*** Block opens ***

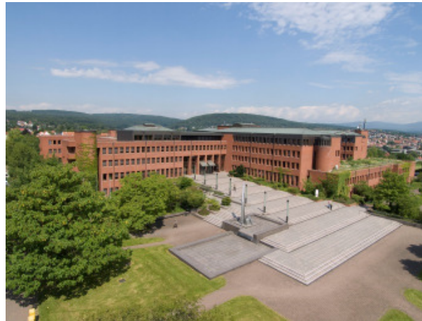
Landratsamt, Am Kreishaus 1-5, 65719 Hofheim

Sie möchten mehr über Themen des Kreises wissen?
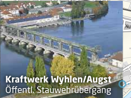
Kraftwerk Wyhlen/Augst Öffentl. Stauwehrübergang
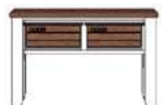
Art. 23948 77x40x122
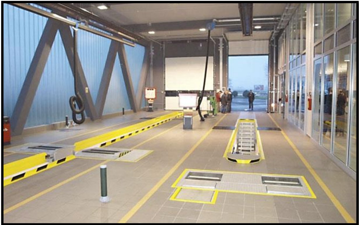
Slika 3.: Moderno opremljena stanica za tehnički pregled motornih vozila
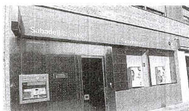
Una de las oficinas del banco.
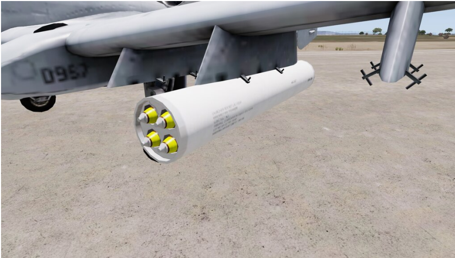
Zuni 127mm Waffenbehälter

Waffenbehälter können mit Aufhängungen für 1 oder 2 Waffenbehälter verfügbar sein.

*** Block closes ***
*** Block opens ***

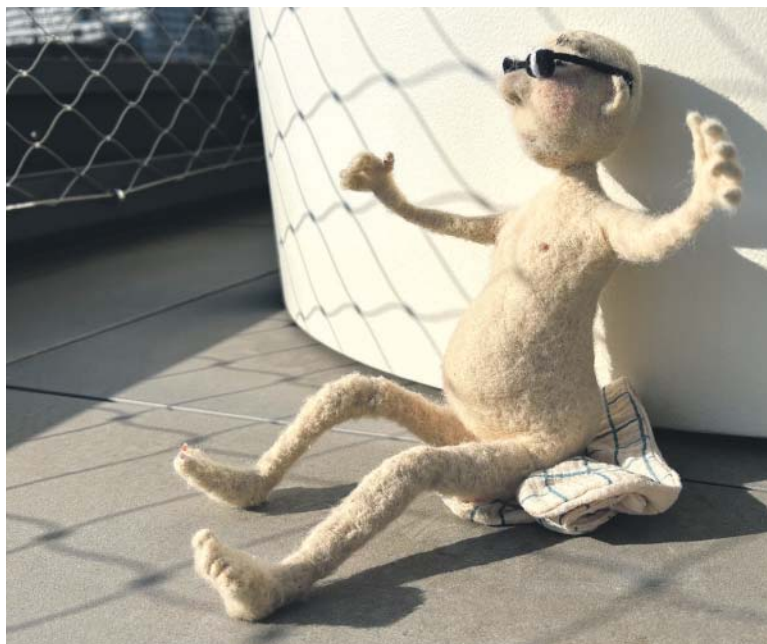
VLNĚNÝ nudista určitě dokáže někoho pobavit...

*** Block closes ***
*** Block opens ***

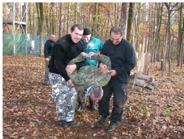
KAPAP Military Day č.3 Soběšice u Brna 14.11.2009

*** Block closes ***

Brief:
Set down, unchanged, only those lines above that fall between the line with "Zuni 127mm Waffenbehälter" and the line with "Waffenbehälter können mit", the two end lines included.

Response below:
Zuni 127mm Waffenbehälter

Waffenbehälter können mit Aufhängungen für 1 oder 2 Waffenbehälter verfügbar sein.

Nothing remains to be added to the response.